ANDERSON, Ind. —
After failing to secure a federal loan to finance its operation and production costs to build a hybrid delivery vehicle, Bright Automotive said Tuesday that it will cease operations.
The startup company, which also has facilities in Rochester Hills, Mich., and Mishawaka, was seeking a $450 million low-interest loan from the U.S. Department of Energy to finance production of the IDEA, its plug-in hybrid service van.
“Bright has not been explicitly rejected by the DOE; rather we have been forced to say ‘uncle.’ As a result, we are winding down our operations,” Bright CEO Reuban Munger and Chief Operating Officer Mike Donoughe said in a scathing letter to Energy Secretary Steven Chu.
The company spent three years and $15 million negotiating with the DOE for the loan, said Michael Brylawski, vice president of corporate strategy. Each time the company submitted a proposal, he said, the government responded with more onerous requirements.
Executives stopped taking salaries last fall and were contributing their own money to keep the company alive.
“We couldn’t meet payroll and ran out of cash,” Brylawski said. “We couldn’t feed the beast anymore.”
“Last week, we received the fourth ‘near final’ Conditional Commitment Letter since September 2010. Each new letter arrived with more onerous terms than the last,” Munger and Donoughe wrote. “The first three were workable for us, but the last was so outlandish that the most rational and objective persons would likely conclude that your team was negotiating in bad faith.”
Bright was launched in January 2008 at the Colorado-based Rocky Mountain Institute and soon afterward opened an engineering facility at Anderson’s Flagship Enterprise Center. In November 2010, Bright officials announced the opening of a research plant in Rochester Hills and, a year later, a production facility in Mishawaka.
Neither choice was in Bright’s original loan application, Brylawski said.

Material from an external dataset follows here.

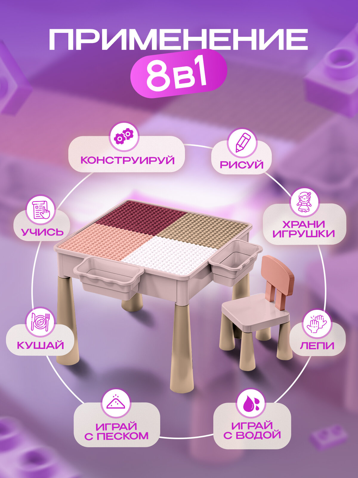 Столик детский , со стульчиком и конструктором, для игр с водой и песком информация:

The company’s original plan was to locate all its facilities at the Flagship Business Center.
“We were told by the DOE in August 2010 that Bright would get the ATVM loan ‘within weeks, not months’ after we formed a strategic partnership with General Motors (Corp.) as the DOE had urged us to do,” the two executives wrote.
“We lined up and agreed to private capital commitments exceeding $200 million — a far greater percentage than previous DOE loan applicants. Finally, we signed definitive agreements with state-of-the-art manufacturer AM General that would have employed more than 400 union workers in a facility that recently laid-off 350 workers.”

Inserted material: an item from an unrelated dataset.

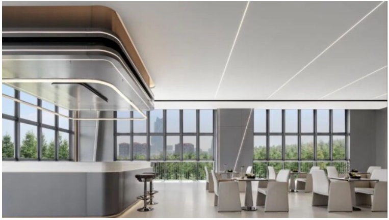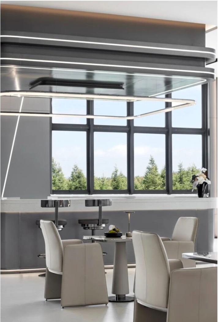 金屬材質(zhì)、鋁板等冷冽的材料成為空間的主調(diào),簡潔的線條和反射性表面不僅增強(qiáng)了空間的現(xiàn)代感,也為燈光效果提供了完美的載體。線性燈與幾何造型的燈光設(shè)計(jì)交織在空間中,提升了整體科技氛圍的層次感。
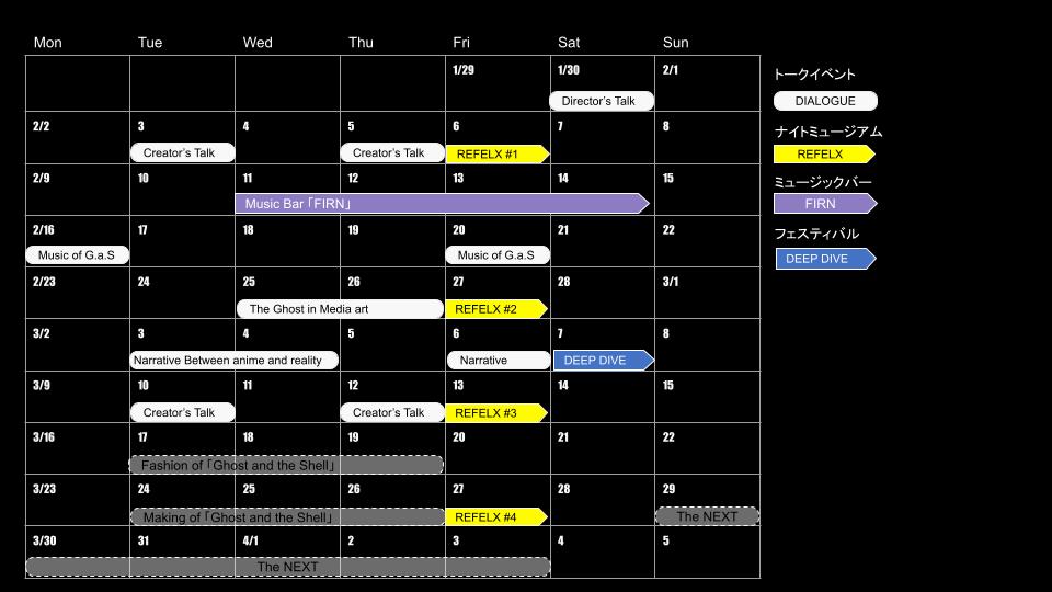 週末ナイトミュージアム「REFLEX of Ghost and the Shell」:全4回(2/6、2/27、3/13、3/27)公開。#2に30周年ロゴを担当したYOSHIROTTENと真鍋大度の共演決定。#3はみんなのきもちによるスペシャルライブセット、#4はMUTEK.JPとのコラボ回決定!(出演者詳細は追って発表)

And then the company waited.
“We continued to play by the rules, even as you and your team were changing those rules constantly — seemingly on a whim,” the letter said.
Bright officials hoped to employ about 200 people at the Michigan facility and 1,000 more at the production site and had touted the IDEA as a potential replacement for gas-guzzling delivery-fleet vans.
It all seemed so different when Bright executives unveiled the company’s 100-mpg hybrid-electric prototype at EVS-24, the world’s largest electric vehicle symposium and exhibition in June 2009.
It was a heady time for startups like Bright. Passed by Congress with bipartisan support, the Energy Independence Act of 2007 established the Advanced Technology Vehicles Manufacturing Loan Program designed to reduce the country’s dependence on foreign oil and promote clean automotive technologies.
Later, President Barack Obama pledged to put 1 million hybrid or fully electric cars on the road by 2015.
By last September, however, only six loans totaling $9.1 billion had been approved under the ATVM program, although 18 applications — including Bright’s — were pending.
Then came the collapse and bankruptcy of solar panel maker Solyndra LLC, which borrowed $527 million from the government. After the company folded, scrutiny of the program intensified.
The Obama administration ordered a review of DOE’s handling of the program, while companies like Bright struggled to secure funding to begin production.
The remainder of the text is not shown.